1. High mortality rate: traumatic, such as strong violence, rapid effect, easy to die due to high cervical spinal cord injury on the scene or in transit, even if the incomplete spinal cord injury, it is easy to die of various complications, should pay attention to Early prevention.

2. Neck instability: that is, the patient feels that the head and neck are divided into two, such as the instability of the break, so that they do not dare to sit up or stand up (spontaneous is lighter), like to hold with both hands head.

3. Neck pain and muscle cramps: traumatic people are more severe, especially within a few days after the injury.

4. Restricted activities: Regardless of traumatic or pathological, there are generally varying degrees of head and neck activity, and severe cases are difficult to open.

5. Forced position: If the bilateral joints are dislocated, the head and neck are in a forward tilt position; if one side joint is dislocated, the head rotates to the healthy side and tilts to the affected side. This position aggravates the activity limitation. The degree, including the difficulty of opening the mouth.
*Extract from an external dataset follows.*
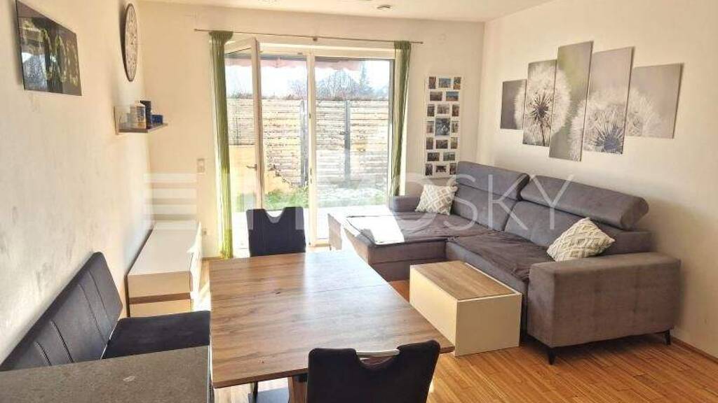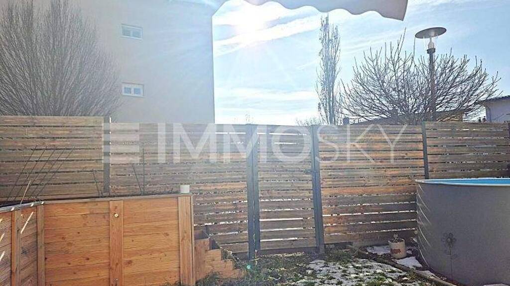 Diese hübsche und äußerst gepflegte Wohnung in einer ruhigen Wohnsiedlung besticht durch ihre tolle Raumaufteilung und geschmackvolle Einrichtung. Der Eingangsbereich bietet ausreichend Platz und wirkt optisch verhältnismäßig weit und offen. Von hier aus gelangen Sie in alle Bereiche des gemütlichen Zuhauses. Der Wohn- Essbereich, mit der optisch ansprechenden und gut geplanten Einbauküche, stellt das Herzstück dieser Wohnung dar und verströmt Behaglichkeit und Wohnlichkeit - nicht zuletzt wegen der Glasfront und dem Zugang zum gemütlichen Garten mit Aufstellpool und einem praktischen, hochwertigen Hochbeet - perfekt für schöne Stunden mit Freunden oder Familie. Das Schlafzimmer ist mit seinem Grundriss ebenfalls gut durchdacht und auch hier herrscht ein gemütliches, wohnliches Flair. Das Badezimmer verfügt über eine Badewanne und eine Dusche, sowie Anschluss für Waschmaschine und Trockner. Es gibt eine separate Toilette mit Handwaschbecken. Komplettiert wird das Angebot dieser herrlichen Wohnung mit einem Abstellraum, einen Kellerabteil und einem PKW-Stellplatz. Es ist eine Bodenheizung verbaut und beheizt wird mittels Gas. Die Fenster sind 2-fach verglast und verfügen über elektische Rollläden und Fliegengitter und ausserdem gibt es eine Wohnraumlüftung! Mittels Markise kann die Terrasse beschattet werden!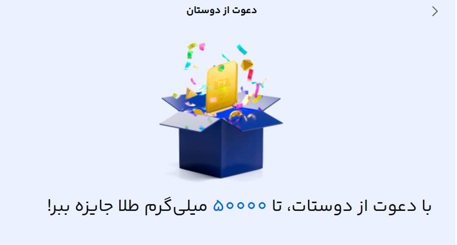 ✅ شما دعوت میکنید → ✅ دوستتان ثبتنام میکند → 💰 هر دو ۵ میلیگرم طلا جایزه میگیرید!

6. Others: such as post-occipital tenderness, dysphagia and abnormal pronunciation with nasal sounds, when the spinal cord nerve is involved, the corresponding symptoms and signs appear.

Examine

Simple atlantoaxial dislocation

1. X-ray film: In addition to the positive side of the neck 1, 2, the open position should be taken (the film allows the patient to continue to open and close the jaw, so that you can get a clearer Open the position) to observe whether the anterior shadow of the cervical vertebral body is widened, and the degree and direction of joint dislocation, and measure it while reading the film, so as to facilitate diagnosis and future contrast observation. Under normal circumstances, the molar joint space For 2 ~ 3mm (children are similar), more than 4mm is suspected to be a transverse ligament rupture of the atlas, more than 7mm may be accompanied by pterygoid ligament, ligament and collateral ligament rupture, if necessary, can be added left and right 15 ° The oblique position of the opening piece was observed and compared.

2. CT and MRI examination: ordinary CT, CT three-dimensional reconstruction and sagittal MRI examination will help to diagnose the damage and determine the spinal cord involvement.

Diagnosis

Diagnosis and diagnosis of simple atlantoaxial dislocation

Diagnostic criteria

1. History of trauma and history: As mentioned above, in addition to head and neck trauma, children should be aware of the history of chronic inflammation in the throat.

2. Clinical manifestations: as mentioned above.